Seagate also continues to push the security of their drives, the Savvio 10K.6 comes with SED standard and Seagate offers FIPS security as an option for those who need it in the 900GB capacity. There are also several softer features that enterprise users may find various levels of interest in, like instant secure erase, RAID Rebuild and PowerChoice.

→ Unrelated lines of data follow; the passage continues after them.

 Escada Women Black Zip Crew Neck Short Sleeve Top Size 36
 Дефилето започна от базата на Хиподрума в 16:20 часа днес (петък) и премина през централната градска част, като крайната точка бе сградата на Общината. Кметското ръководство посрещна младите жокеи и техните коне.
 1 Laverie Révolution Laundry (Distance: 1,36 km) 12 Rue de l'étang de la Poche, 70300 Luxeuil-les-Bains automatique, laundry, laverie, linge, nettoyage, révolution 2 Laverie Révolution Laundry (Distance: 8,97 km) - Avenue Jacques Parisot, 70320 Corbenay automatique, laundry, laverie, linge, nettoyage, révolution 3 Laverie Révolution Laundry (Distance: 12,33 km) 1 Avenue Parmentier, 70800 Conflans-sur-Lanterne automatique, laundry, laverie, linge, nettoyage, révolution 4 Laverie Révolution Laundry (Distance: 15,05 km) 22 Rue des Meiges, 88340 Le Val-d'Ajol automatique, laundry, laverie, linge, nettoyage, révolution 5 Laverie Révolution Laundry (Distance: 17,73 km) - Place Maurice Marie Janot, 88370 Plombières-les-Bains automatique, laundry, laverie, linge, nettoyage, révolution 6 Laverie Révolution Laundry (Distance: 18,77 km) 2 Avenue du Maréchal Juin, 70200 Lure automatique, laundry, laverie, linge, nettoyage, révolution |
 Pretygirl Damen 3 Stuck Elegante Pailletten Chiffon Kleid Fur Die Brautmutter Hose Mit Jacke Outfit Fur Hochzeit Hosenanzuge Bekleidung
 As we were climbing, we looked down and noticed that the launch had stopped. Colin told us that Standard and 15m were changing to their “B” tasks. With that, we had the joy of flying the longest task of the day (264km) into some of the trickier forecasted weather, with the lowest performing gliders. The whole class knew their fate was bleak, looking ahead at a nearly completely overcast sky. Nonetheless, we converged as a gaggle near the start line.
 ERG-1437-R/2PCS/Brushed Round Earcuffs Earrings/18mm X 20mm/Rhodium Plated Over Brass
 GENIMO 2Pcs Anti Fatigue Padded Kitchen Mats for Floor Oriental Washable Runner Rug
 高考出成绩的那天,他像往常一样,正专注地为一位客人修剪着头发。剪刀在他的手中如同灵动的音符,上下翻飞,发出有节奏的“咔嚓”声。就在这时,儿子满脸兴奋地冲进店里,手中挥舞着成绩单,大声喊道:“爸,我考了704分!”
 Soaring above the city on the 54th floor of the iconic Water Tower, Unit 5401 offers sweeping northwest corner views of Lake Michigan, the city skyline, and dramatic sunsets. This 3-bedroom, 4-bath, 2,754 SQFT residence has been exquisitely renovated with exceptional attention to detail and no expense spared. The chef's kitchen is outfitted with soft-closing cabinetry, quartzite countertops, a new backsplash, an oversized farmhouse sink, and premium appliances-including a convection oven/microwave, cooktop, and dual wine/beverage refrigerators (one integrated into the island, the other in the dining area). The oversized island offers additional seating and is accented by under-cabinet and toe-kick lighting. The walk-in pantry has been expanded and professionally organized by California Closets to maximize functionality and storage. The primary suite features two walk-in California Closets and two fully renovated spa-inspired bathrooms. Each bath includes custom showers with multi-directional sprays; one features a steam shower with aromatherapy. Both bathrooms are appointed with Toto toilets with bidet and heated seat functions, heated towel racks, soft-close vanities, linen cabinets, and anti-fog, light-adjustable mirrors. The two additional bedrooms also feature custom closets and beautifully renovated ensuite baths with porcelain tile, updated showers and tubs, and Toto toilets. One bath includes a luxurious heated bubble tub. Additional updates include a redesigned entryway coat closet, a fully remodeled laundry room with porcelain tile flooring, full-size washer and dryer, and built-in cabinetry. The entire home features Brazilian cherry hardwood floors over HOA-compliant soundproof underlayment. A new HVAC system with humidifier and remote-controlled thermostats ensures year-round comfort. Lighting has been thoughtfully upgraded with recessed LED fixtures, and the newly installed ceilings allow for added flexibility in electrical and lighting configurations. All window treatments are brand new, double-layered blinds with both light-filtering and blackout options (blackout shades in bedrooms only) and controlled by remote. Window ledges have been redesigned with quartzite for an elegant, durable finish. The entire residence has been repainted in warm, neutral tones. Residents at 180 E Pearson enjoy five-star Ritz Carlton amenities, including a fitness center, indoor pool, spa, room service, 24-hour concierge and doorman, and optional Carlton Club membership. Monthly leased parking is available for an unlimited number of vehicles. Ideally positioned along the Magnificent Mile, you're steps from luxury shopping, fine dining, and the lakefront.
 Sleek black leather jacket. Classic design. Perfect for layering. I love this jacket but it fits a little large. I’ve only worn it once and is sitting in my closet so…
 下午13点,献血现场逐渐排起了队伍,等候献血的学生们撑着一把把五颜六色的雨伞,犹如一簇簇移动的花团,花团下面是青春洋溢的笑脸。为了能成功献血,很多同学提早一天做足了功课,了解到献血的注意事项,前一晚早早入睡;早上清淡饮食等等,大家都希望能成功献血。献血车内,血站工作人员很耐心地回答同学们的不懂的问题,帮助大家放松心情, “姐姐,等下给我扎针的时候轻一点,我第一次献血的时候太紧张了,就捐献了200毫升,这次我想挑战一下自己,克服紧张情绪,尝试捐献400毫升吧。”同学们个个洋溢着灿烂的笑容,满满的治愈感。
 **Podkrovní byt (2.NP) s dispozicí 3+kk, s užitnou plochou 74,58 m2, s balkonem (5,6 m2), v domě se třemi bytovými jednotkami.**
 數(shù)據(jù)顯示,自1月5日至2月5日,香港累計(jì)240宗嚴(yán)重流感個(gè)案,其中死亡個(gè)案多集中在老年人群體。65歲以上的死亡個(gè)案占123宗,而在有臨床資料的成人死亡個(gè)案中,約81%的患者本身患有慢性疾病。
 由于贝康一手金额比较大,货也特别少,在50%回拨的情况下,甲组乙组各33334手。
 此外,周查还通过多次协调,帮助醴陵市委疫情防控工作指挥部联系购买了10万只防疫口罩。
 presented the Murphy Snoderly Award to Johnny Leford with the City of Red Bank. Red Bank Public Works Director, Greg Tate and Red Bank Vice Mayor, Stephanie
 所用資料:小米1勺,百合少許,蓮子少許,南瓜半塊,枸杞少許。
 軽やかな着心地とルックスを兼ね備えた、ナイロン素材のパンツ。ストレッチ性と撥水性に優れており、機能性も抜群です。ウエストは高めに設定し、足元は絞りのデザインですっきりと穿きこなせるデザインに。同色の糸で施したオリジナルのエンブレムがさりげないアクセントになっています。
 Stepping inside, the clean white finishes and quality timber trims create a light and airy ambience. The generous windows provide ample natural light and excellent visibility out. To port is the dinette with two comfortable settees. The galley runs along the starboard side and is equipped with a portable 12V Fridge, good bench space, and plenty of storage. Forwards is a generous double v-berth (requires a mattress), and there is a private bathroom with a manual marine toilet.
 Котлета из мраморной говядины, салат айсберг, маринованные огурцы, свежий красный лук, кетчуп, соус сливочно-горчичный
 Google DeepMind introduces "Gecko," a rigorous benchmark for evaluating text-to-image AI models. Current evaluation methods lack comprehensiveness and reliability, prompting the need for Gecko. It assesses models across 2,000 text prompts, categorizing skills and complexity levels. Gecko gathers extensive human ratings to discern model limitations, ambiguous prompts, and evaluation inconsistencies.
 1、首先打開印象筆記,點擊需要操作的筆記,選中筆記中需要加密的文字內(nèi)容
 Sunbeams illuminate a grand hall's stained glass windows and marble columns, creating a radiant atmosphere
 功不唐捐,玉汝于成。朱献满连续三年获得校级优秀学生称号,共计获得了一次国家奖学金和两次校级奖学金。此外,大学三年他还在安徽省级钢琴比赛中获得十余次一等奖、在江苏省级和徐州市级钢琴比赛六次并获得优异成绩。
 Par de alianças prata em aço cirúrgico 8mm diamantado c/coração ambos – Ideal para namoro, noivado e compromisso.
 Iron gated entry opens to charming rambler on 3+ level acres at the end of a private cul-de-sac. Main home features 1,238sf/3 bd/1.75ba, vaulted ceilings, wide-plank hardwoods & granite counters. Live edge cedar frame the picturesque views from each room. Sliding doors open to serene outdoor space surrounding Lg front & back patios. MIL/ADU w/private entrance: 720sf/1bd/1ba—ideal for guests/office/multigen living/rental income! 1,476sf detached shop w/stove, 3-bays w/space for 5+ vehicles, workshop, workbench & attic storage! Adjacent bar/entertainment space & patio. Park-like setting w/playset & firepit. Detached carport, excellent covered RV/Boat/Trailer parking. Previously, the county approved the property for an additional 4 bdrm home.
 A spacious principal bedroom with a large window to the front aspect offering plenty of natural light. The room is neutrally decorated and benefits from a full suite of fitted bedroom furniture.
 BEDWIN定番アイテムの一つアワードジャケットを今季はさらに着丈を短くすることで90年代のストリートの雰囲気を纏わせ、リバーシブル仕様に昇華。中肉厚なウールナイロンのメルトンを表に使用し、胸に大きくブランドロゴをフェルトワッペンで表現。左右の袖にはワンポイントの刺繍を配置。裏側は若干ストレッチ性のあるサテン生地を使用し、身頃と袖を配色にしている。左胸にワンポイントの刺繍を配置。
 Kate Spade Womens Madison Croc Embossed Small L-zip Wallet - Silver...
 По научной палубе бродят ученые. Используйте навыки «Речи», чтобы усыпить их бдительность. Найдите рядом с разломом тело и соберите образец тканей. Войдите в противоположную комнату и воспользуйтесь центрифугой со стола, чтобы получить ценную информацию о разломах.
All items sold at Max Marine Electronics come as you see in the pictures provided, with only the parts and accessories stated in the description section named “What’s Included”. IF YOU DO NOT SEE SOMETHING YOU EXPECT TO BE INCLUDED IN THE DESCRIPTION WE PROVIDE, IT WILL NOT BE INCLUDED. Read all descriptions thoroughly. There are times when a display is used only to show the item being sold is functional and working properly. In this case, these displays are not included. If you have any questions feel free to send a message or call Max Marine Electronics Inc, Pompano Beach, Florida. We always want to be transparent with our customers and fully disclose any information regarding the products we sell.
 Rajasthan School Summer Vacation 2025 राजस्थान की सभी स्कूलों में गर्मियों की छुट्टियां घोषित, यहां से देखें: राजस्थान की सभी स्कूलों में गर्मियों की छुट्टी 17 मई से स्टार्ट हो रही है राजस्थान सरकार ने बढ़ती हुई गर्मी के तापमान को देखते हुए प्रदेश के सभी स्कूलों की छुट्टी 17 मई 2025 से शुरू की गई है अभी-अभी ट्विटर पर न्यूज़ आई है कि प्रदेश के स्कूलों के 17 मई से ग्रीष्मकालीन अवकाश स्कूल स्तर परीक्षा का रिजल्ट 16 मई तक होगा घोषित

There's very little to complain about with the Savvio 10K.6; if we have to get nitpicky, since its release another vendor has launched a 1.2TB 2.5" 10K offering, which puts Seagate a single capacity step behind. Another area that could be seen as a minor tradeoff is it appears the firmware has been tuned for improved low queue depth latency; we see max latency climb higher than previous-generation Savvios' at effective queue depths greater than 32. Even that is fairly minor, as total throughput and average latency in those areas were still better on the 10K.6. 

Pros

  • Excellent performance across all mixed workloads
  • Solid jump from prior gen 10K Savvio models
  • SED included, FIPS optional on 900GB

Cons

  • Loses a bit of traction with higher peak latency >QD32

Bottom Line

The Seagate Savvio 10K.6 beats out prior gen Seagate 10K offerings across the board, posting better than the listed 20% throughput performance gain in our testing. Couple in the inclusion of SED standard and some of the other Seagate features like instant secure erase and enterprises will find quite a bit to like about the new Savvio 10K.6.